First-of-its-kind report details prevalence of economic abuse among survivors of domestic violence and provides policy roadmap for elected officials

New York, NY September 26, 2022  – On the eve of Domestic Violence Awareness Month in October 2022, Urban Resource Institute (URI), along with the Center for Survivor Agency and Justice (CSAJ) and a broad coalition of survivor-centered, gender-based violence prevention advocates, released a groundbreaking new report Reinvesting in Economic Justice, Equity, and Solidarity for Survivors in New York City, detailing the economic struggles that survivors of domestic violence face and providing policy makers with a series of ready-to-implement policy recommendations designed to remove many of those barriers.

In addition to physical abuse, domestic violence also includes emotional and economic abuse. In fact, more than 98% domestic violence survivors have reported experiencing financial abuse, which includes but is not limited to lack of access to their income, being restrained from working, high debt loads, coerced debt and damaged credit that may result from that abuse. Adding urgency to the issue, financial dependence is a leading barrier to fleeing to safety and a key reason why many survivors are forced to return to their abusers.

Despite the pervasiveness of economic abuse and coerced debt, in particular, survivors face unique and significant obstacles in obtaining temporary and permanent housing, public assistance and other government resources, securing employment, and achieving financial independence and creditworthiness as a result of the abuse.

“Our notions of safety must evolve so that when we think of safety for survivors of domestic violence, we also consider financial safety,” said Teal Inzunza, Program Director of the URI Economic Empowerment Program and one of the report’s co-authors. “You cannot have physical safety and a stable future without financial security and independence. Many survivors cite high debt loads, lack of access to safe housing, and scarce financial resources, including public benefits, as major obstacles to leaving their abusers. Breaking financial barriers to safety and healing will support survivors seeking safety, whatever that means to them, and begin the journey to build a stable future for themselves and their families.”

Unfortunately, many of the government systems, even those that are specifically designed to administer services and provide benefits to domestic violence survivors, are not designed to reflect the economic realities they face. The report details the shortcomings of these systems, and provides concrete steps that policy makers can take to implement the proposals and begin to make the system work effectively to meet the needs of survivors and their families.

“Among URI’s comprehensive programs and services for our clients, the Economic Empowerment Program provides the resources, tools, training, and work experience to build pathways to financial freedom and a stable, sustainable future free of abuse,” said Nathaniel Fields, CEO of Urban Resource Institute. “URI is committed to removing barriers to safety and healing for the families we serve, and we are proud to be working alongside coalition partners to provide actionable steps our lawmakers can take today to improve the lives of survivors of domestic violence and their families.
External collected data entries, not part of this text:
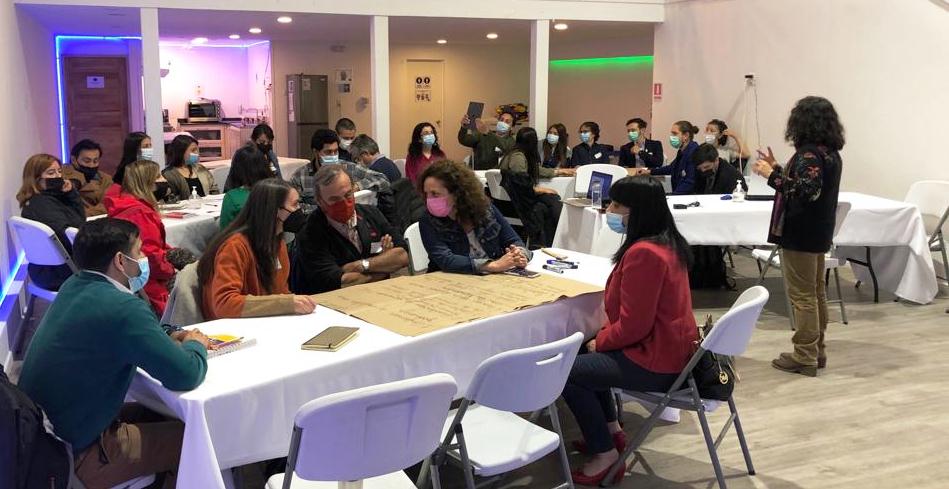 El taller se dividió en dos partes, durante la primera se trabajó de forma individual por medio de una metodología de teclera electrónica, donde se mostraron resultados en tiempo real, y los participantes pudieron realizar consultas sobre características de la situación actual y la situación deseada. La segunda parte contempló trabajo en grupos, y allí se abordaron fórmulas para conseguir la situación deseada, según lo indicado en la pregunta anterior.
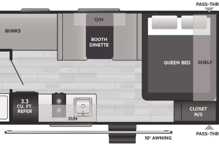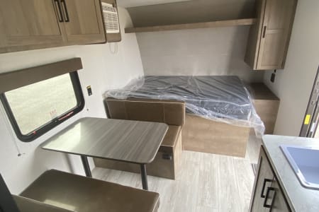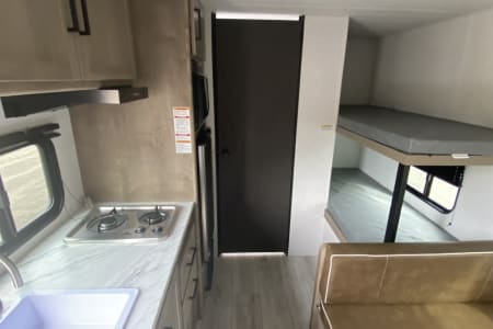 If you’re looking for an easy to use, fully equiped base camp, this brand new beauty is your best option. This plug & play home on wheels features an open bunkhouse floorplan with the capability to sleep up to five. Perfect for young familys or a small group of friends looking for a relaxing get-a-way. Open the door to a world of possibilities in this convenient lightweight package, making it easier than ever to embark on unforgettable journeys. This single-axle wonder is ready to go anywhere the road leads and can be towed by a wide veriety of vehicles.
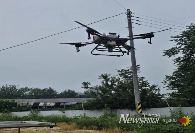 가을 수확기 야생멧돼지 농장 침입 위험이 높아짐에 따라 군은 민·관 협력 방식으로 드론을 투입해 농장 주변에 기피제를 집중 살포했으며, 접근이 어려운 임야 지역까지 방제 범위를 확대해 차단 효과를 극대화했다.
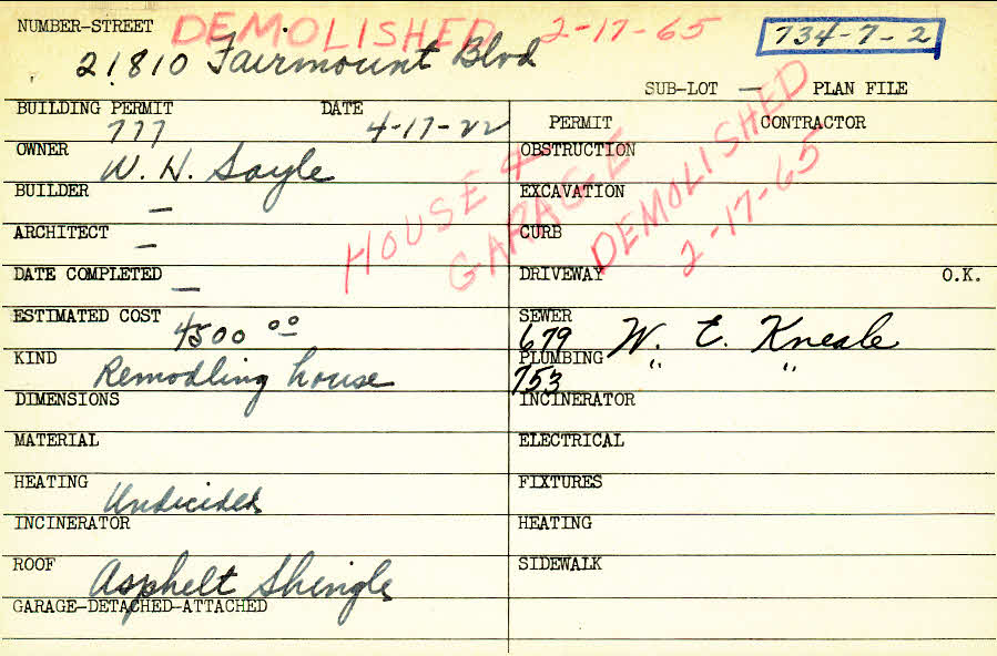 21810 Fairmount Boulevard Shaker Heights, OH 44122 PARCEL ID: 734-07-002 Building Permit Date: 04-17-1922 Plan File Number: 6614, 6810 Microfilm Roll: Roll#87, Roll#88 Neighborhood: Mercer Owner: Soyle, W. H. Estimated Cost: 4500 Roof: Asphalt Shingles |

I thank Teal Inzunza, the Program Director of the URI Economic Empowerment Program, for her relentless pursuit of economic justice for domestic violence survivors.”

The report outlines four key policy priorities and urges service agencies and elected officials to invest in and engage survivors in economic policy reform, including around coerced debt, housing equity, access to public benefits and engaging in solidarity economies.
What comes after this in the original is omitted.